Content starts

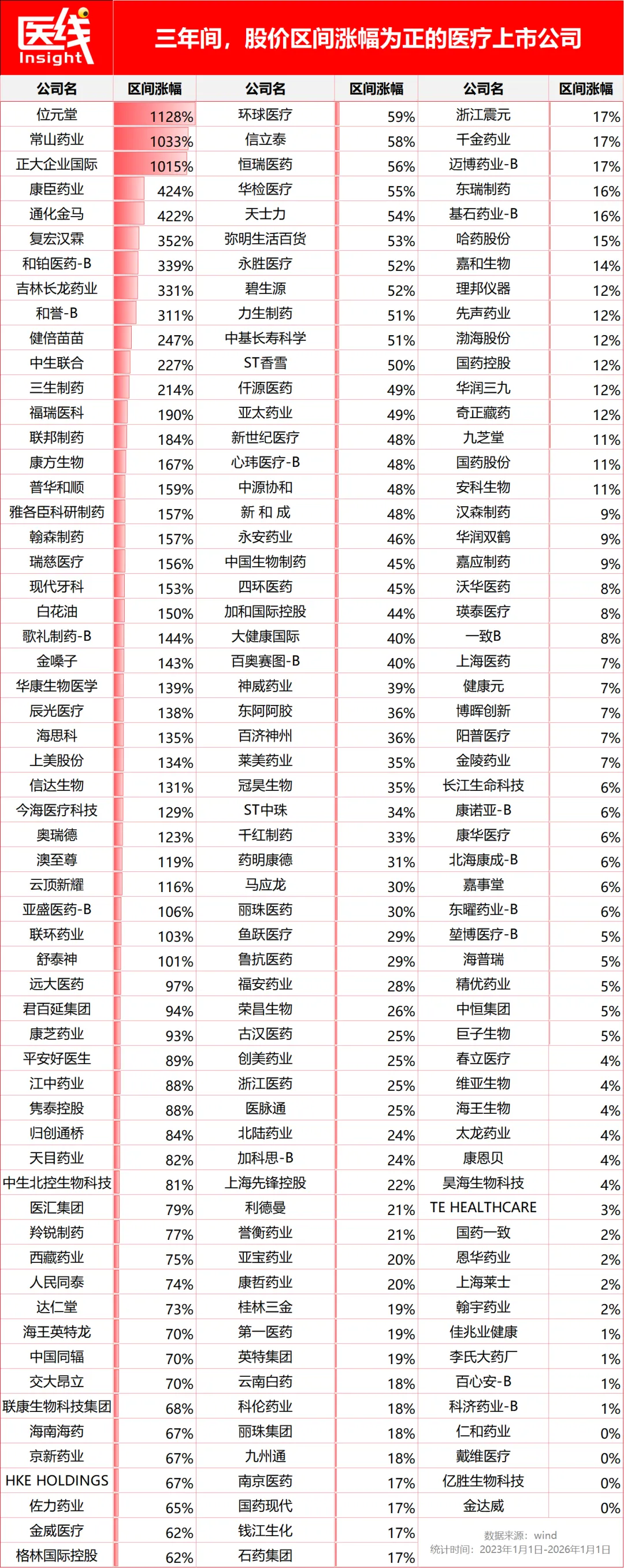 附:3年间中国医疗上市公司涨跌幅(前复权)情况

Content ends
Content starts

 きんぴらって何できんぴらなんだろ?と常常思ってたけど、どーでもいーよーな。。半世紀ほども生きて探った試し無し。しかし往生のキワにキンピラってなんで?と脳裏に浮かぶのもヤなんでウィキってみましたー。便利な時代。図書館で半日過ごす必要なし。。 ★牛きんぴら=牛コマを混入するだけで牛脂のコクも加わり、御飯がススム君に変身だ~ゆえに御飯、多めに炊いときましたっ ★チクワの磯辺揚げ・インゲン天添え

Content ends
Content starts

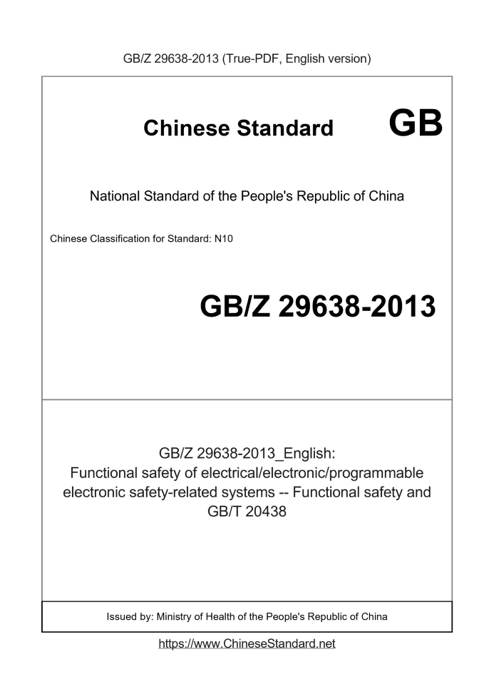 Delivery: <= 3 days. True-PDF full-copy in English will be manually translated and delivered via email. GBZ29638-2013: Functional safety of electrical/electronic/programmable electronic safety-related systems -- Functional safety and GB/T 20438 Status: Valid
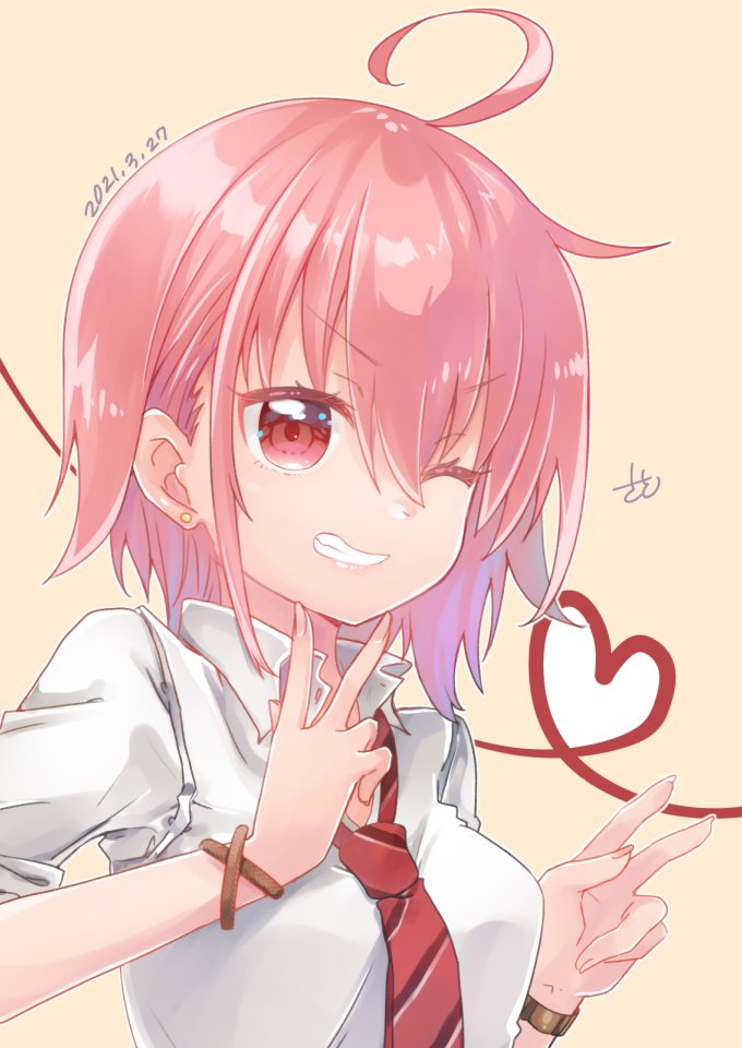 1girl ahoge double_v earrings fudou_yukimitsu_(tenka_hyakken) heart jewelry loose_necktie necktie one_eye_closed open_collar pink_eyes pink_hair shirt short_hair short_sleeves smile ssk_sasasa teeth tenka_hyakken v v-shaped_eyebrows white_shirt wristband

Content ends

■ Task to complete:
Starting at the line containing "Delivery: <= 3" and finishing at the line containing "1girl ahoge double_v", return those lines exactly as they appear above, without the pictures.

■ Solution to this task:
 Delivery: <= 3 days. True-PDF full-copy in English will be manually translated and delivered via email. GBZ29638-2013: Functional safety of electrical/electronic/programmable electronic safety-related systems -- Functional safety and GB/T 20438 Status: Valid
 1girl ahoge double_v earrings fudou_yukimitsu_(tenka_hyakken) heart jewelry loose_necktie necktie one_eye_closed open_collar pink_eyes pink_hair shirt short_hair short_sleeves smile ssk_sasasa teeth tenka_hyakken v v-shaped_eyebrows white_shirt wristband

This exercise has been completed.